La potencia indica el coste de funcionamiento de un dispositivo. La irradiancia indica si puede funcionar. Comprender cómo calcular la dosis a partir de la irradiancia es fundamental para evaluar cualquier dispositivo, y por eso la pregunta más pertinente nunca ha sido sobre la potencia.
La ciencia detrás de la dosificación: la respuesta de dosis bifásica y la curva de Arndt-Schulz
¿Qué ocurre si simplemente ejecutas una sesión a máxima potencia durante el mayor tiempo posible?

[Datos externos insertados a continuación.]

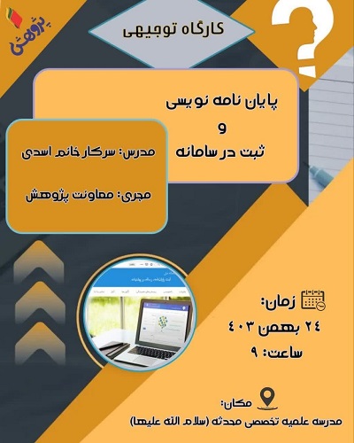 در این کارگاه که در مورخ 1403/11/24 از ساعت 9 الی 10/30 در محل سالن اجتماعات مدرسه برگزار گردید، سرکار خانم اسدی معاونت پژوهش مدرسه، ضمن پاسخگویی به سوالات طلاب و آموزش چگونگی ثبت طرحنامه و مراحل گزارش تدوین پایان نامه در سامانه، بر پیگیر بودن و نظارت مدرسه در رابطه با پیشرفت مراحل تدوین پایان نامههای طلاب و تلاش در رفع مشکلات احتمالی تاکید نمودند.

La respuesta, aunque parezca contraintuitiva, es que podrías obtener peores resultados que con una sesión más corta a intensidad moderada. Este es el fundamento de la ley de Arndt-Schulz: la estimulación biológica sigue un patrón de curva de campana. Una cantidad insuficiente de energía lumínica no produce respuesta celular medible. El rango adecuado —con suficientes fotones para activar la citocromo c oxidasa y las vías de señalización posteriores— produce el efecto terapéutico deseado. Si se sobrepasa ese rango con una irradiancia muy alta durante un tiempo prolongado, la misma maquinaria celular que respondió favorablemente comienza a suprimirse.

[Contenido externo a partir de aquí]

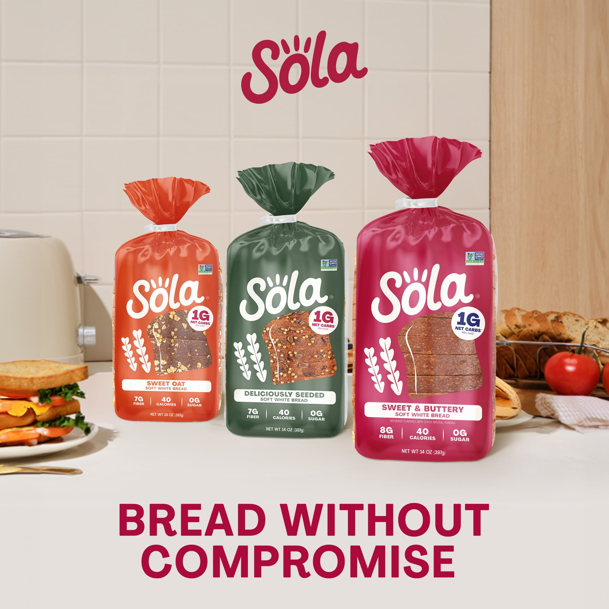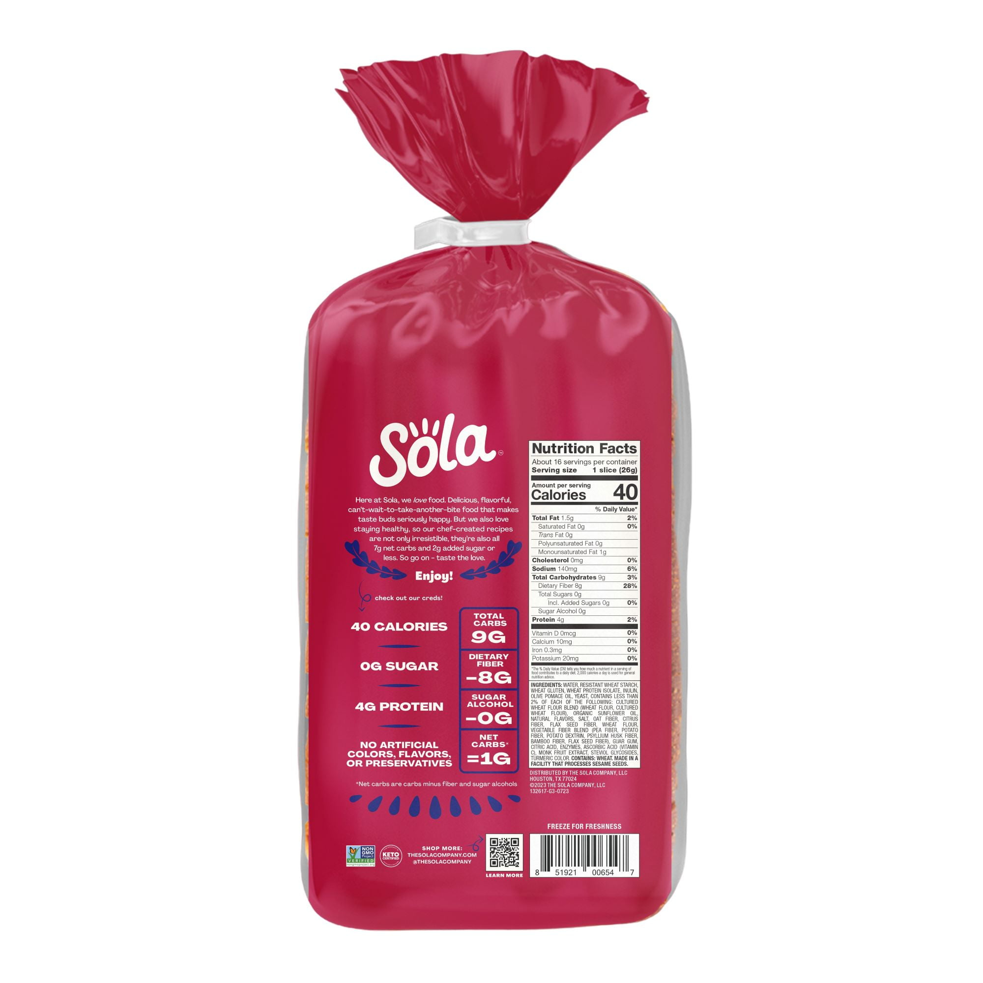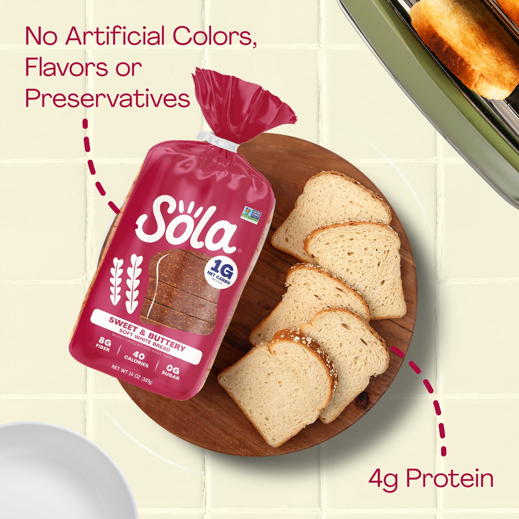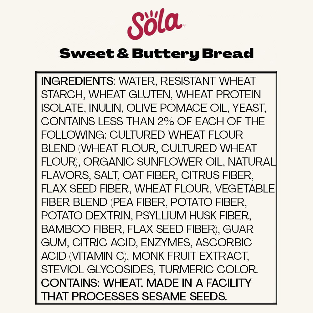 Help yourself to a slice of Sola Sweet & Buttery Bread to experience the perfect mix of slight saltiness with a hint of sweetness. Make every meal a moment to savor with high-quality non-GMO ingredients, no artificial colors, flavors or preservatives and zero grams of added sugars. Each slice checks all the boxes with 4 grams of protein, 1 gram of net carbs and 8 grams of dietary fiber. This delicious low-carb loaf is the smart choice for those who want the same great taste without the guilt. Sola Sweet & Buttery Bread is a yummy, delicious way to keep your carbs low and your satisfaction high. When it comes to low-carb breads, this decadent one hits the mark without sacrificing taste or texture. Embrace a healthier, tastier lifestyle with chef-crafted flavors that will make your tastebuds seriously happy. 14oz. loaf. Shelf-stable. Regular size slices.

Curva de respuesta a la dosis bifásica
¿Qué implica esto a la hora de elegir un dispositivo?
Esto significa que la alta potencia es una herramienta, no un fin en sí misma. Un dispositivo que emite una irradiancia muy alta no es automáticamente más eficaz; simplemente requiere una sesión más corta para mantenerse dentro del rango de dosis terapéutica. Esto es manejable cuando el dispositivo cuenta con un temporizador fiable y un rendimiento térmico estable. El problema surge cuando un panel con una refrigeración deficiente se calienta durante una sesión, ya que el calor altera tanto la estabilidad de la salida como la seguridad de la piel. Un dispositivo que puede mantener una irradiancia estable sin sobrecalentarse durante toda una sesión es más valioso que uno que alcanza picos más altos pero fluctúa.
Por este motivo, los protocolos de investigación especifican tanto la irradiancia como el tiempo de exposición, no la potencia del dispositivo. Un estudio que reporta resultados positivos para la estimulación del colágeno a 4 J/cm² no puede replicarse con un dispositivo cuya irradiancia o duración de la sesión sean meras conjeturas. Por eso, la dosis, y no la potencia, es la base de cualquier protocolo autoadministrado que se pueda justificar.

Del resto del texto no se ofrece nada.